─── Information

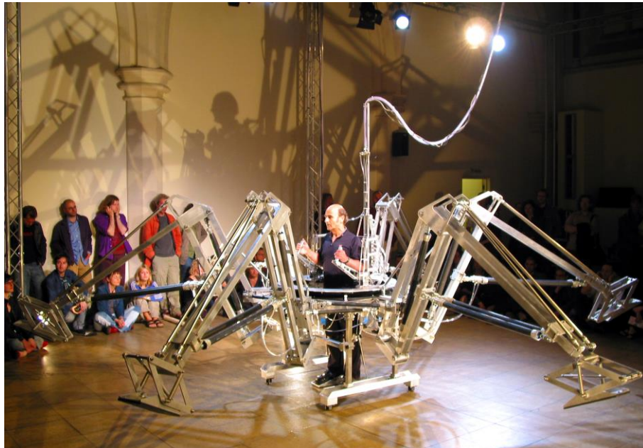
Fig 2: MUSCLE MACHINE , Gallery 291, London (2003). STELARC

In performances by the Australian Cypriot artist Stelarc, the body is coupled with a variety of instrumental and technological devices that are appropriated by it. One such is Muscle Machine (2003), where he constructed an interactive and operational system in the form of a walking robot. Rubber muscles are inflated with air, and as one set of them lengthens, the other shortens, so as to produce movement, translating human bipedal gait into a six-legged insect like motion.
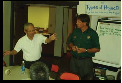
NPS Listening Sessions in Glendale, Arizona and Denver, Colorado
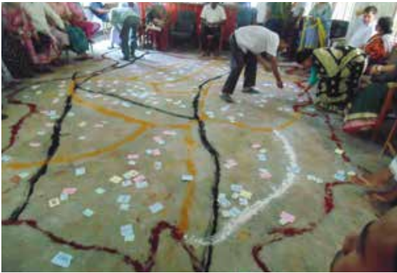
Participatory poverty and power mapping in Khatamodhupur UP

The exercise reveals a picture of sanitation coverage, and the availability of services related to education, health, agriculture and livestock by ward. It also provides a scenario of infrastructurally poor areas and issues of privilege, disparity and exclusion.
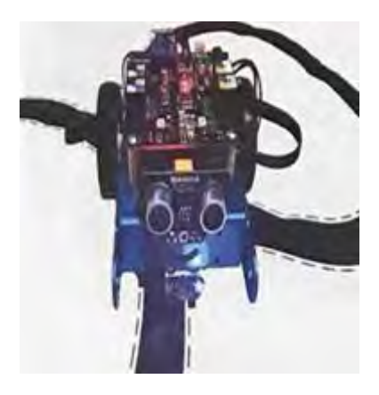
Figure 1. Example mBlock Activity

The following is an activity from the Scratch group. At the beginning of the activity, students were shown the screen in Figure 2. They were asked to create a game similar to the one shown in Figure 2. The bowl in the game can be controlled on the x-direction with the keyboard or the mouse. Apples spawn and fall down from random positions at the top. The player tries to take the apples. Each apple provides a constant point. There is a time limit in which the player tries to get the highest possible score.
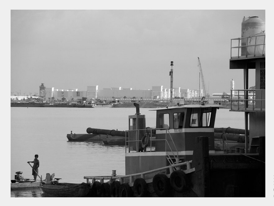
Fig. 12: Brave new world? Real estate development on the Mekong riverside.

conclusions. First, the problems occurring in today's Phnom Penh that seem at first glance to be a problem of land dispute resolution, legal enforcement, and insufficiently compensated evictions and expropriations have mainly to do with the creation of private property rights. Second, in a broad absence of a developed civil society - something which Cambodia shares with other post-conflict countries - the structural feature of the "elite capture of law" has led to a distribution of nearly all lands in favor of the elite coalitions. Third, urban land redistribution as reparation had a difficult start from the beginning of the land reform process after the Khmer Rouge regime. A serious lack of commitment of the government bodies to respect existing land legislation is obvious. Governing structures based on the creation and conceptualization of private property rights, enforced by external authorities and international "advisors", are neither always necessary nor optimal. Property and land value taxation will eventually become an important source of the municipality's revenue. Taxation must be flanked by a modern land inventory and transparent leasehold agreements for the sake of the inhabitants. Hopefully, relevant thinking is continuously evolving amongst the capital's planning and land distribution authorities.
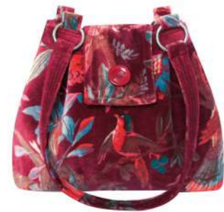
Red Eden Velvet Ava Bag VV24AVARD
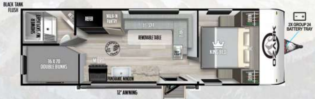
2400BHL LENGTH: 29' 4" UVW: TBD
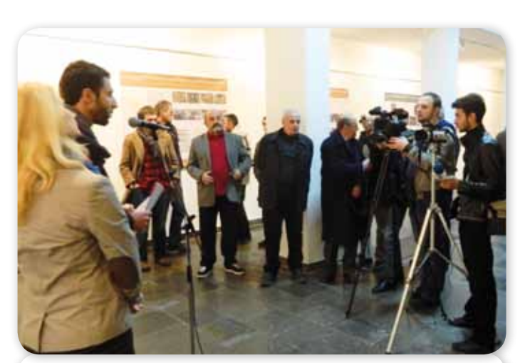
LDA KOSOVO Exhibition in Peja

The important part of the project was mobilisation of all actors on the phenomena of school dropout, this is not anymore a hidden phenomena but open is talked about it and the interest of all representatives of NGOs of Peja/Pec is high in making pressure to the Directorate of Education to face more with this phenomena and through the last phases of the project there is a big hope that will be produced a good and practice Action Plane to deal with the phenomena of school dropout in Municipality of Peja/Pec.
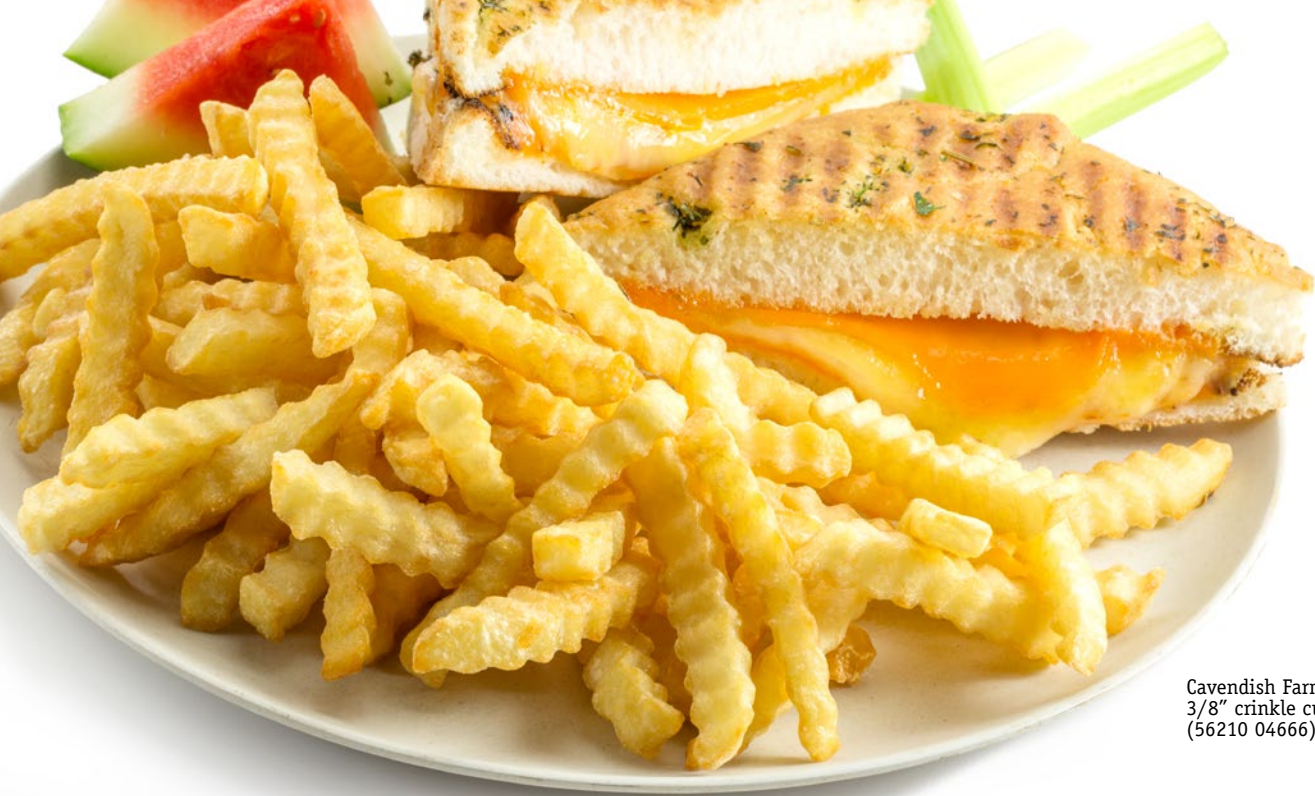
Cavendish Farms® 3/8" crinkle cut french fries (56210 04666).
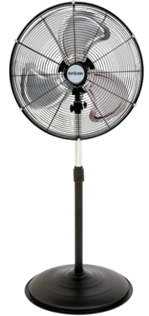
OSCILLATING METAL STAND FAN 20" Item No. HGC736472
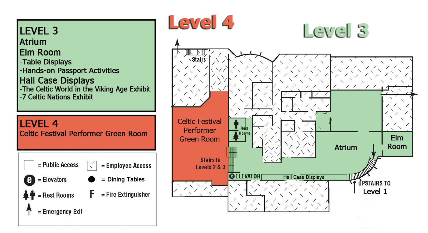
MAIN FLOOR IS LEVEL 1. LEVELS 2, 3 AND 4 ARE LOWER LEVELS.
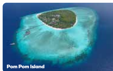
Pom Pom Island

──────

» What needs to be done
Quote the data above exactly from the line with "The exercise reveals" to the line with "Figure 1. Example mBlock Activity", both ends counted, and nothing else. Pictures don't go in.

» Output of the task
The exercise reveals a picture of sanitation coverage, and the availability of services related to education, health, agriculture and livestock by ward. It also provides a scenario of infrastructurally poor areas and issues of privilege, disparity and exclusion.
Figure 1. Example mBlock Activity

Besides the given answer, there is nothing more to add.